In a recent math.se question the following was asked which I have slightly edited.
" Consider a fixed and given $n$ by $n$ matrix $M$ whose elements are chosen from $\{-1,1\}$. Consider also a random vector $v$ whose elements are chosen from $\{-1,1\}$.
We know that $H(Mv) = n$ if and only if $M$ is non-singular. Here $H$ is the Shannon entropy of a discrete random variable (in bits).
[..]
The differential entropy of a multivariate Gaussian is known to be $\frac{1}{2}\log((2\pi e)^n \det(MM^T)$ bits.

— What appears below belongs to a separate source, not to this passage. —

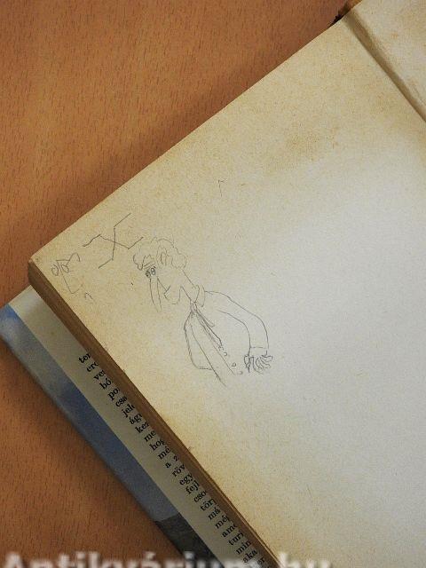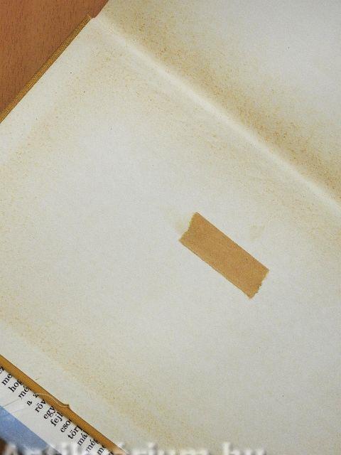 A védőborító szakadt, a borító belső oldalán ragasztás látható. Egy lapon rajz látható.

There is a correction factor one has to apply when going from discrete to continuous entropy (see Theorem 9.3.1 from Cover and Thomas). However, we would need this correction term to somehow deal with the fact that the entropy is constant as long as $\det(M)>0$. That is it makes no difference to the entropy how small or large the determinant is as long as it is not zero.
What is the correction term that deals with this seeming contradiction?
"
A user called leonbloy gave an answer that he/she admitted was not rigorous. I copy it below very slightly edited.
"
We get that the entropy of a discrete (lattice) distribution with "cell size" $\Delta$ is related to the differential entropy of the continuous distribution that approximates it by
$$ H_Y \to h_Z -\log \Delta$$
Now, it's a known result in multivariate analysis that the change in volume induced by a transformation $(s_1, \cdots s_n)=g(t_1, \cdots t_n)$ is measured by the Jacobian. In particular, if the transformation is linear $s =A t$ then the Jacobian is the determinant of the matrix: $J=|A|$.
In our case, we have $y=Mv$. The cells in $v$ space ($v_i \in \{-1,1\}$) have size $2^n$. Hence the cells in $y$ space have size $|M| \, 2^n$. Further, the differential entropy of a Gaussian with covariance $\Sigma=M M^t$ is $\frac{1}{2} \log[(2\pi e)^{n}|\Sigma|]= \frac{n}{2} \log(2\pi e)+\log |M|$
Then, assuming that CLT applies and that $|M|\ne 0$:
$$ H_Y \to \frac{n}{2} \log(2\pi e)+\log |M| -\log (|M| \, 2^n)= \frac{n}{2} \log(\pi e/2) $$
Hence, the entropy is independent of $|M|$, as it should be.
"
This is intriguing because it gives approximately $1.047n$ instead of $n$. This got me wondering:
Can this line of argument be made both reasonably rigorous and be made to give the correct answer? That is, is it possible to get the correct entropy of $n$ for the discrete entropy $H(Mv)$ by applying Theorem 9.3.1 from Cover and Thomas in this multivariate case?